Like all public sector organisations, the Met Office is committed to making as much of its data publicly available as possible, but the sheer volumes – and the fact weather data goes stale very quickly – makes that abnormally challenging. It has traditionally focused on pulling out subsets of data to deliver only the information that particular customers need.
“Typically, we’ve had large teams of consultants thinking about how to generate reduced datasets for specific customers,” says Tomlinson. “Now, though, the organisation is working on ways to let people explore and manipulate that data themselves.“
Data in the cloud
Making its vast datasets available via its own systems would quickly saturate the Met Office’s bandwidth, so the first task was to transfer a big chunk of data to a public cloud platform.
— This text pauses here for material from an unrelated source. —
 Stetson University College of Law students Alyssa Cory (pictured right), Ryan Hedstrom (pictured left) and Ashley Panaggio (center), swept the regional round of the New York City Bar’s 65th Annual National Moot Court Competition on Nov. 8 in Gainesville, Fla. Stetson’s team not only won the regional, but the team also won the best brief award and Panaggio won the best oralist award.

For this, it used Amazon Web Services’ Snowball service. “They post you a massive hard drive of up to 100TB; you plug it in, fill it full of data and post it back to them to plug in at their end and transfer to the S3 cloud storage platform,” says Tomlinson.
The data that’s been placed in the cloud to date is, at around 80TB, only a fraction of the Met Office’s total store, but Tomlinson says the organisation has focused on data that will be the most useful to the greatest number of customers. “At the moment, it includes all of the model runs we’ve done globally for 2016, plus all the UK runs from 2013 to 2016. We’ll be adding to that over time, putting new data up in batches,” he says.
Unlike a lot of big datasets, weather data is multidimensional so it does not fit into a traditional table structure. Instead, data is stored using “z-order curves”, a mathematical technique that maps multidimensional data onto one dimension while preserving the locality of data points – the same method Google Maps uses to quickly serve up the right data as you zoom in on the map.
Tomlinson says being fully engaged with the open source community has also led to interesting collaborations with other organisations such as the US Army Engineer Research and Development Center and Nasa. “We’ve built some really great relationships with diverse organisations exploring similarly weird large data formats. For example, we recently adapted some brain scanning software to visualise hurricane data,” he says.
Lazy data queries
With the data stored in the cloud, the Informatics Lab has been developing techniques to allow that data to be queried and manipulated quickly over the web via standard application programming interfaces (APIs).
At the front end, the system uses Jupyter Notebook, a browser-based data science environment that lets you create and share interactive documents where you can write and run live Python code, calculations, equations, visualisations and text. Sitting behind this front end are two technologies that point the way towards a leaner, smarter approach to big data management – an approach likely to be relevant to more organisations as data grows bigger and harder to handle – so-called “lazy” applications. The first of these is a Met Office-developed open source library called Iris.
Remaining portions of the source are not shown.